Switch Node

The Switch node routes a workflow down one of several paths based on a list of conditions. Think of it as the multi-way version of the Condition node: instead of a single true/false split, you define an ordered list of cases and the workflow follows the first one that matches.

Overview

Use a Switch node when a single value can take many forms and each form needs its own downstream path:

  • Route a ticket by priority — critical, high, normal, low
  • Send an order down a different flow per region or tier
  • Branch on a status field with a catch-all for anything unexpected
  • Replace a long chain of Condition nodes with one tidy node

How It Works

A Switch node holds an ordered list of cases. Each case has:

  • A label (a friendly name shown on the node and its output)
  • A boolean expression evaluated against the incoming data

When the node runs, it checks each case from top to bottom. The first case whose expression is true wins, and the workflow continues from that case's output only. Cases below the winner are not evaluated.
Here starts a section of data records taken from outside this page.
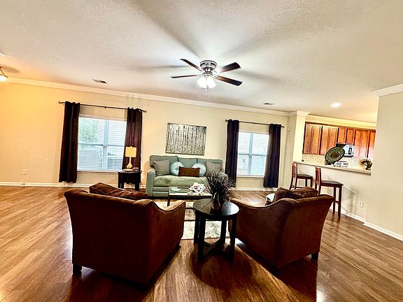 Great Home Ready for New Owner!!!! New Roof 2024, HVAC 2022, Water Heater 2023, Fresh Paint, New carpet and more. This single level, 3 bed and 2 bath split floor plan home is spacious and bright. You will walk into a huge family room great for entertaining. The kitchen offers ''42 oak cabinets, beautiful backsplash and area for a breakfast table. Double glass doors to look out in the backyard featuring a small patio area and a 6 ft white vinyl fence for privacy. The owner suite is large and perfect for a king bed and and extra room for a chair to sit. The ensuite offers a large garden soaking tub, vanity and separate walk in shower. There's a large walk in closet lots of shelving. Two other bedrooms with great space. Home very close to the sought out Nexton area without the price!!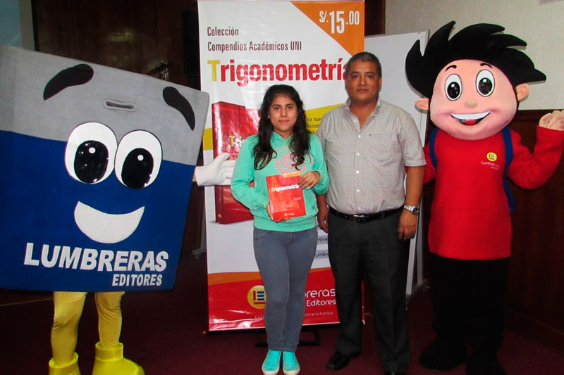Tres alumnos, en esta oportunidad de las academias ADUNI y César Vallejo de la sede de Bolivia, se llevaron un ejemplar del libro de Trigonometría de la Colección Compendios Académicos, luego de participar en el sorteo que puso punto final a la presentación.
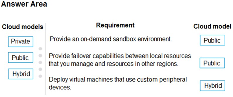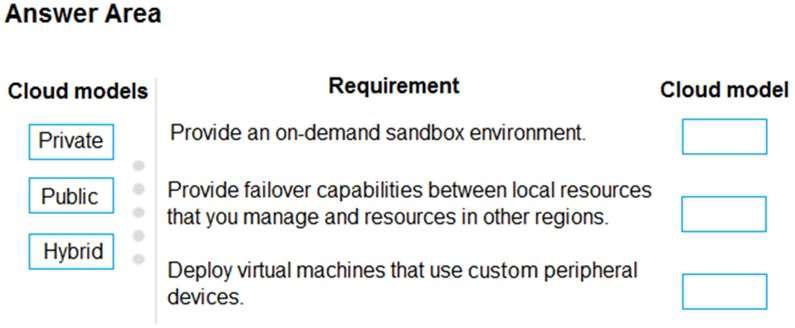 Which cloud models should you use? To answer, drag the appropriate cloud models to the correct requirements. Each cloud model may be used once, more than once, or not at all. You may need to drag the split bar between panes or scroll to view content.

If no case matches, an optional Default output catches the leftover path. Toggle Default on when you want a guaranteed fallback; leave it off when an unmatched input should simply stop on that branch.

One Output Per Case

Each case is its own connection point on the node, and so is Default. You wire each one to wherever that path should go:

Switch ─ [active]    → Onboarding flow
       ─ [trial]     → Trial reminder
       ─ [cancelled] → Win-back flow
       ─ [Default]   → Log unknown status

A single case can branch to several downstream nodes — just draw more than one connection from that case's output.

Writing Case Expressions

Case expressions are JavaScript, evaluated in the same safe, restricted sandbox used by the Condition node and connection guards. They can read your data but have no access to the host system, so they are safe to run.

Reading the Input

// The whole incoming value
input

// A field on the incoming object
input.value
input.status
input.score

Example Cases

// Case "Active": account is active
input.status === 'active'

// Case "High score": numeric comparison
input.score > 80

// Case "Premium": compare against a stored variable
input.tier === vars['premiumTier']

// Case "Bulk order": combine conditions
input.quantity >= 100 && input.region === 'EU'

Referencing Other Values

Switch expressions can reach beyond the immediate input:

// Environment variables
input.region === '{{env.HOME_REGION}}'

// Any earlier node's output, by node name
input.amount > {{node['Budget'].limit}}

// Workflow variables (from a Set Variable node)
input.amount > vars['threshold']
input.tier === vars['premiumTier']

You can also reference workflow variables with the {{vars['name']}} form inside any text field, and vars['name'] directly inside Code and Condition/Switch expressions.

Ordering Matters

Because the first match wins, order your cases from most specific to most general:

// ✅ Specific first
// Case 1 "VIP":      input.tier === 'vip'
// Case 2 "Premium":  input.tier === 'premium' || input.spend > 1000
// Case 3 "Standard": true   ← acts like a catch-all

// ❌ A broad case placed first will swallow the specific ones below it

If you add a true case at the bottom it behaves like a catch-all; alternatively, turn on the Default output for the same effect with a clearer label.

Common Patterns

Status Routing

// Case "New":        input.status === 'new'
// Case "In Progress": input.status === 'in_progress'
// Case "Done":       input.status === 'done'
// Default:           anything unexpected → review queue

Tiered Thresholds

// Case "Critical": input.amount > 10000
// Case "Large":    input.amount > 1000
// Case "Normal":   input.amount > 0
// Default:         zero or missing → hold

Category Dispatch

// Case "Sales":     input.department === 'sales'
// Case "Support":   input.department === 'support'
// Case "Technical": input.department === 'technical'
// Default:          general inbox

Best Practices

  1. Order specific to general — the first match wins, so put narrow cases before broad ones.
  2. Label each case clearly — labels appear on the node outputs and make the canvas easy to read.
  3. Use Default for safety — turn it on so unexpected values have somewhere to go instead of silently stopping.
  4. Keep expressions simple — a few comparisons each; if a case needs heavy logic, compute a flag in a Code node upstream and switch on that.
  5. Guard against missing fields — use optional chaining (input?.user?.tier === 'gold') when a field may be absent.